PROBLEM STATEMENT :: Give the records below again, word for word. No pictures belong in the copy.

[Items listed in a dataset]
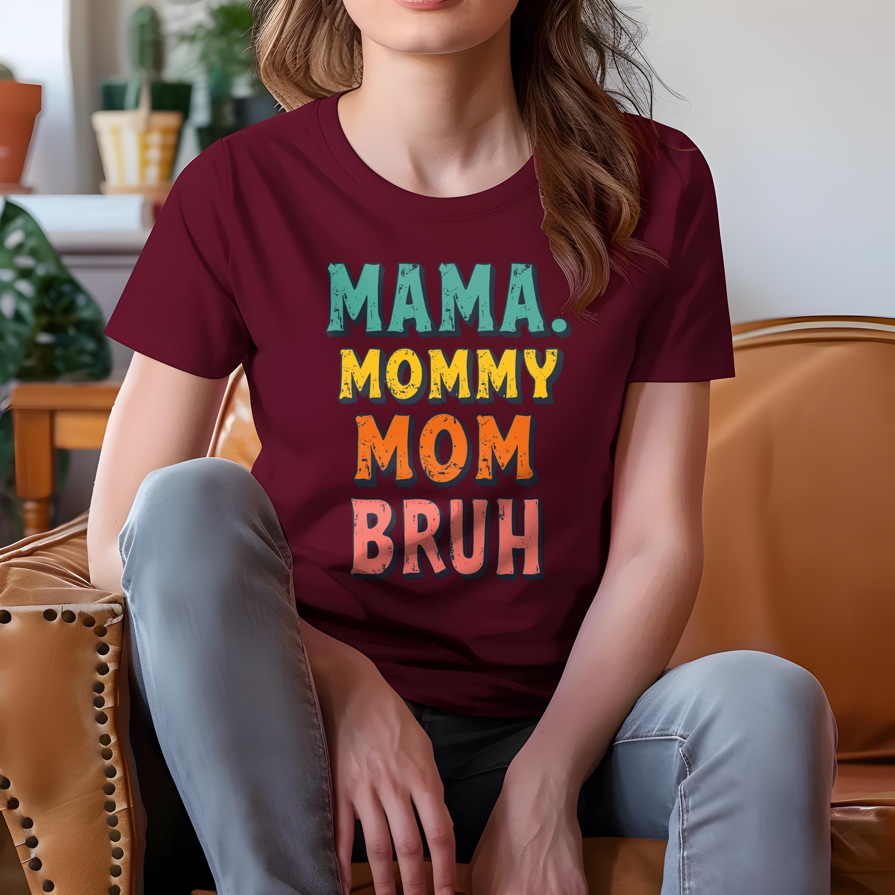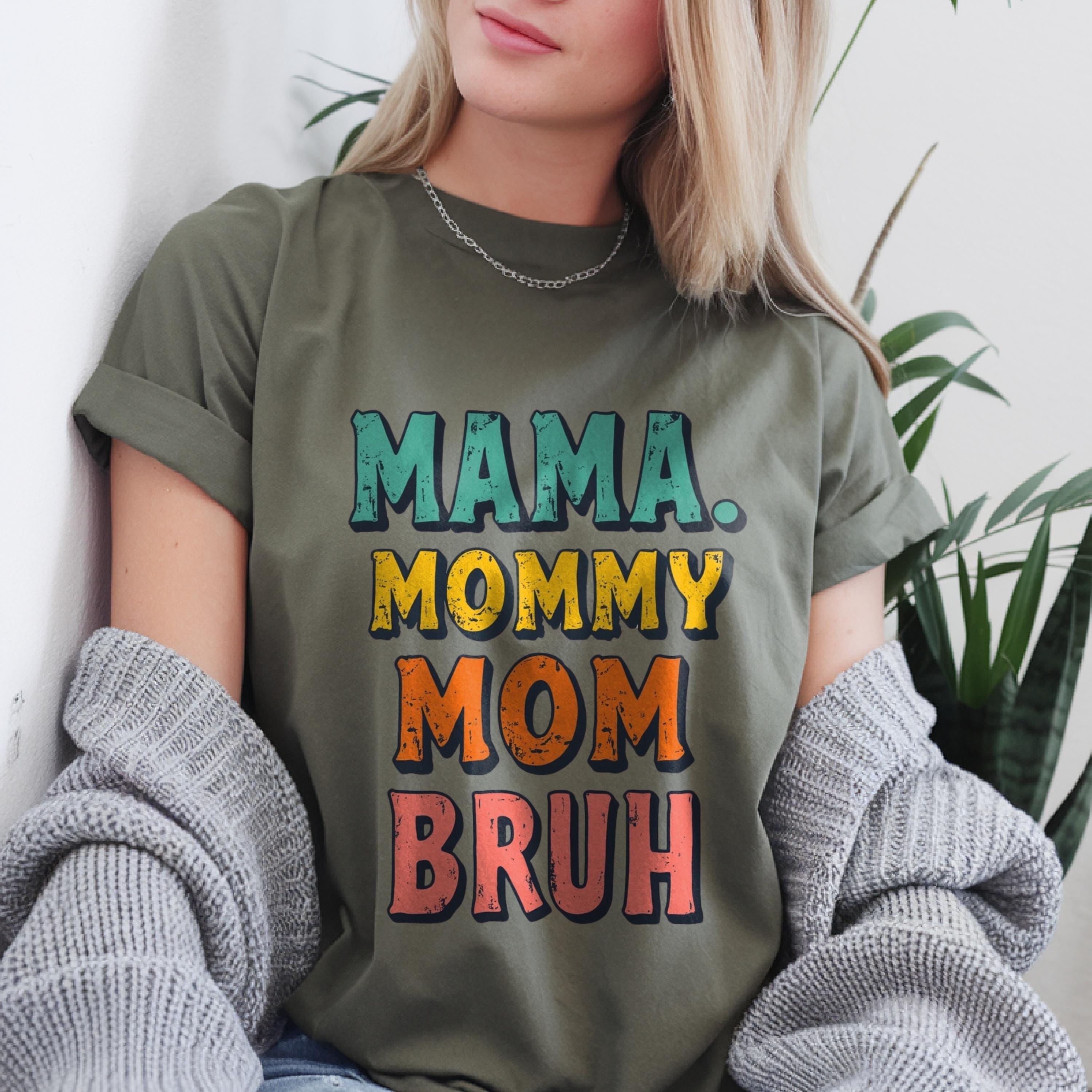 Celebrate motherhood with humor and style in this “Mama. Mommy. Mom. Bruh.” retro t-shirt – the perfect gift for every tired, loving, and hilarious mom out there. Featuring bold vintage-style lettering in a colorful distressed design, this tee captures the evolution of mom life in the funniest way possible.
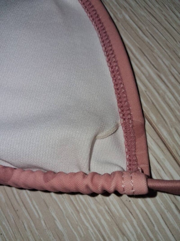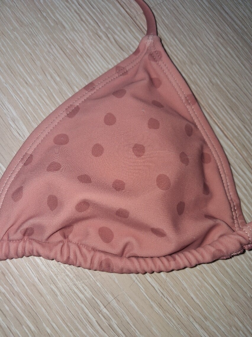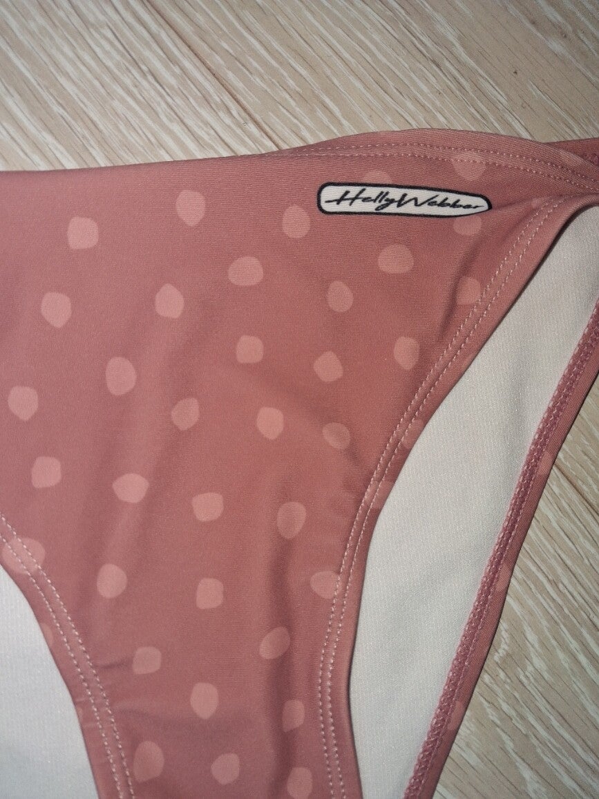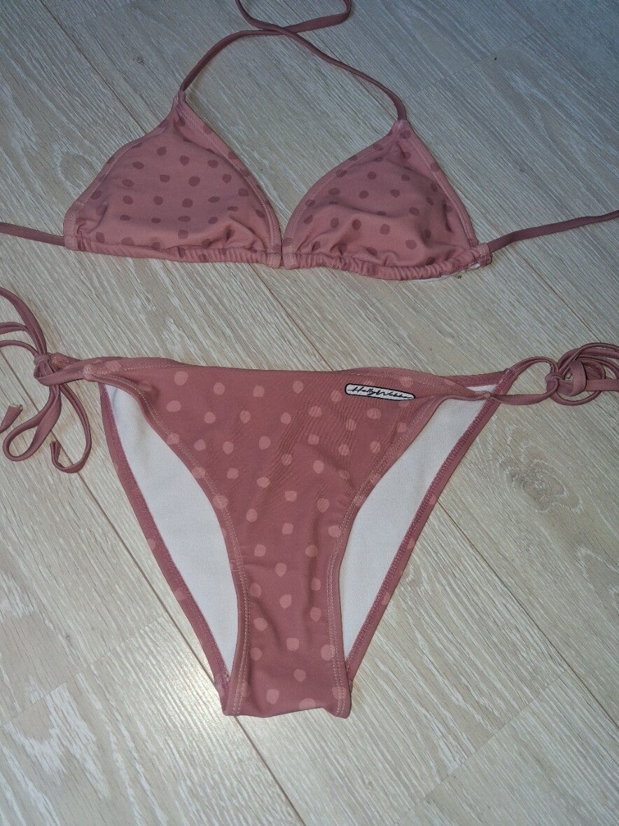 Deze bikini heeft een driehoekige top en een bikinibroekje met striksluitingen aan de zijkanten. De bikini is versierd met een stippenpatroon. Bikini oudroze met stippel patroon , de bikinitop heeft voorgevormde cup pads die uitneembaar zijn. maat L. merk Holly Webber. Label is eruit geknipt.
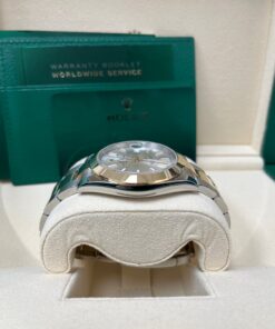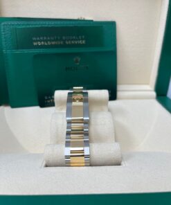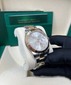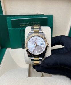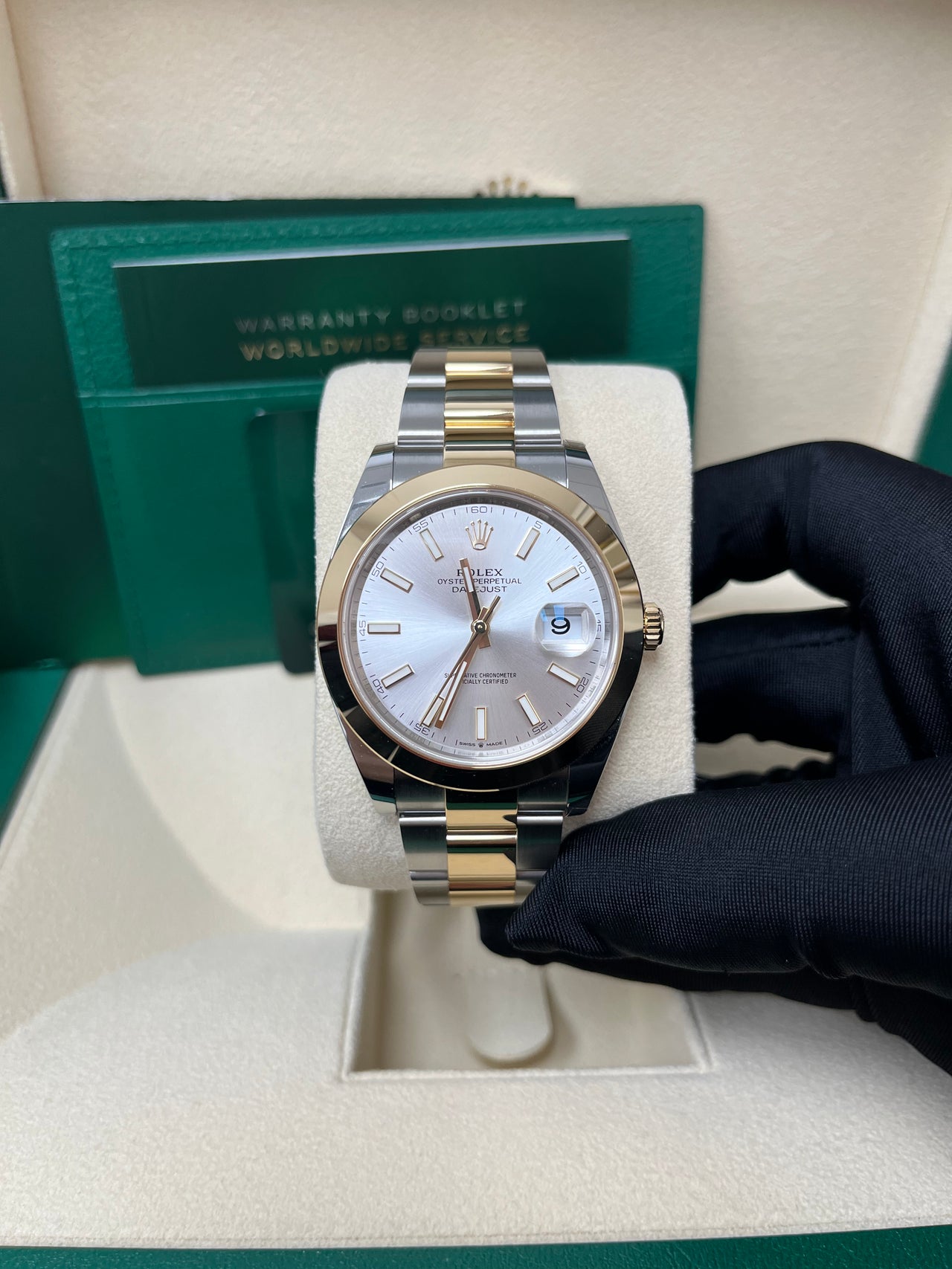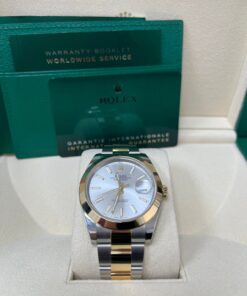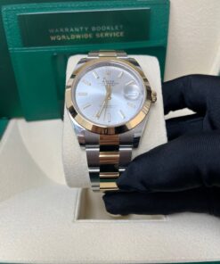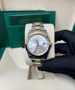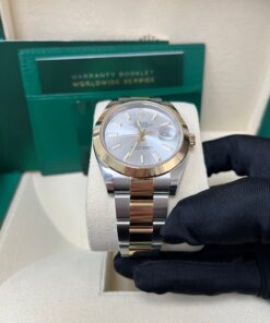 41mm Yellow Rolesor case with 904L steel monobloc middle case, screw-down steel back, 18K yellow gold screw-down crown, 18K yellow gold smooth bezel, scratch-resistant double anti-reflective sapphire crystal with cyclops lens over the date, silver dial, index hour markers, Rolex calibre 3235 perpetual self-winding movement with date at 3 o’clock that changes instantaneously at midnight in a few thousandths of a second, approximately 70 hours of power reserve, yellow Rolesor Oyster bracelet made from a combination of 904L steel and 18K yellow gold with flat three-piece links, folding Oysterclasp buckle with Easylink 5mm comfort extension link. Waterproof to 100 meters.
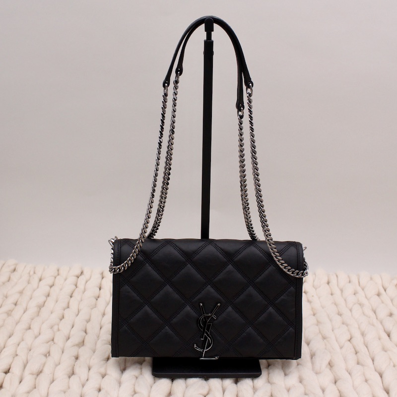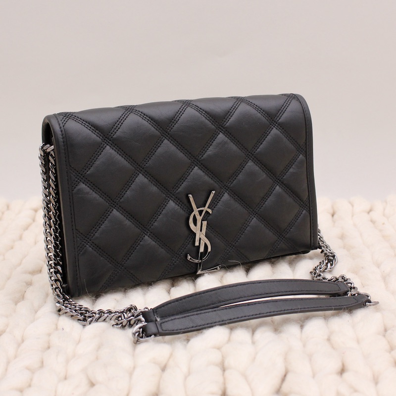 Achetez notre Wallet on Chain Becky en cuir froissé noir - Saint Laurent dans la catégorie Sac porté épaule de luxe de seconde main pour femmes élaboré par la grande maison de luxe Saint Laurent
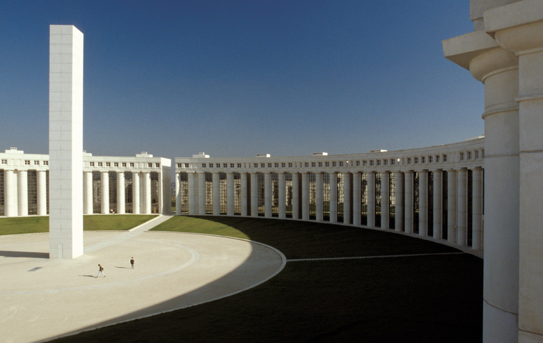 Conjunto residencial, situado en la Ciudad Nueva de Cergy-Pontoise, al Noroeste de París, sobre la meseta de Le Puiseux desde la cual se domina el valle del río Oise y se divisa la silueta del barrio parisino de La Défense. El edificio principal, en forma de columnata, surge en el punto de intersección del eje principal del nuevo barrio con el trazado de parques y jardines que desciende hasta el río. En medio se levanta un obelisco, obra del escultor Dani Karavan, marcando, por la noche, el eje de los jardines mediante la proyección de un rayo laser. El carácter monumental de la plaza, completa antítesis de lo que hasta entonces habían sido las viviendas sociales, la ha convertido en el lugar de encuentro de los habitantes, lugar donde se celebran todas las actividades lúdicas y representativas de la nueva ciudad. Las dos plazas interiores cuadradas que completan el conjunto, de escala más íntima, han sido tratadas como pequeños claustros ajardinados.

SOLUTION TO THE PROBLEM ::
 Celebrate motherhood with humor and style in this “Mama. Mommy. Mom. Bruh.” retro t-shirt – the perfect gift for every tired, loving, and hilarious mom out there. Featuring bold vintage-style lettering in a colorful distressed design, this tee captures the evolution of mom life in the funniest way possible.
 Deze bikini heeft een driehoekige top en een bikinibroekje met striksluitingen aan de zijkanten. De bikini is versierd met een stippenpatroon. Bikini oudroze met stippel patroon , de bikinitop heeft voorgevormde cup pads die uitneembaar zijn. maat L. merk Holly Webber. Label is eruit geknipt.
 41mm Yellow Rolesor case with 904L steel monobloc middle case, screw-down steel back, 18K yellow gold screw-down crown, 18K yellow gold smooth bezel, scratch-resistant double anti-reflective sapphire crystal with cyclops lens over the date, silver dial, index hour markers, Rolex calibre 3235 perpetual self-winding movement with date at 3 o’clock that changes instantaneously at midnight in a few thousandths of a second, approximately 70 hours of power reserve, yellow Rolesor Oyster bracelet made from a combination of 904L steel and 18K yellow gold with flat three-piece links, folding Oysterclasp buckle with Easylink 5mm comfort extension link. Waterproof to 100 meters.
 Achetez notre Wallet on Chain Becky en cuir froissé noir - Saint Laurent dans la catégorie Sac porté épaule de luxe de seconde main pour femmes élaboré par la grande maison de luxe Saint Laurent
 Conjunto residencial, situado en la Ciudad Nueva de Cergy-Pontoise, al Noroeste de París, sobre la meseta de Le Puiseux desde la cual se domina el valle del río Oise y se divisa la silueta del barrio parisino de La Défense. El edificio principal, en forma de columnata, surge en el punto de intersección del eje principal del nuevo barrio con el trazado de parques y jardines que desciende hasta el río. En medio se levanta un obelisco, obra del escultor Dani Karavan, marcando, por la noche, el eje de los jardines mediante la proyección de un rayo laser. El carácter monumental de la plaza, completa antítesis de lo que hasta entonces habían sido las viviendas sociales, la ha convertido en el lugar de encuentro de los habitantes, lugar donde se celebran todas las actividades lúdicas y representativas de la nueva ciudad. Las dos plazas interiores cuadradas que completan el conjunto, de escala más íntima, han sido tratadas como pequeños claustros ajardinados.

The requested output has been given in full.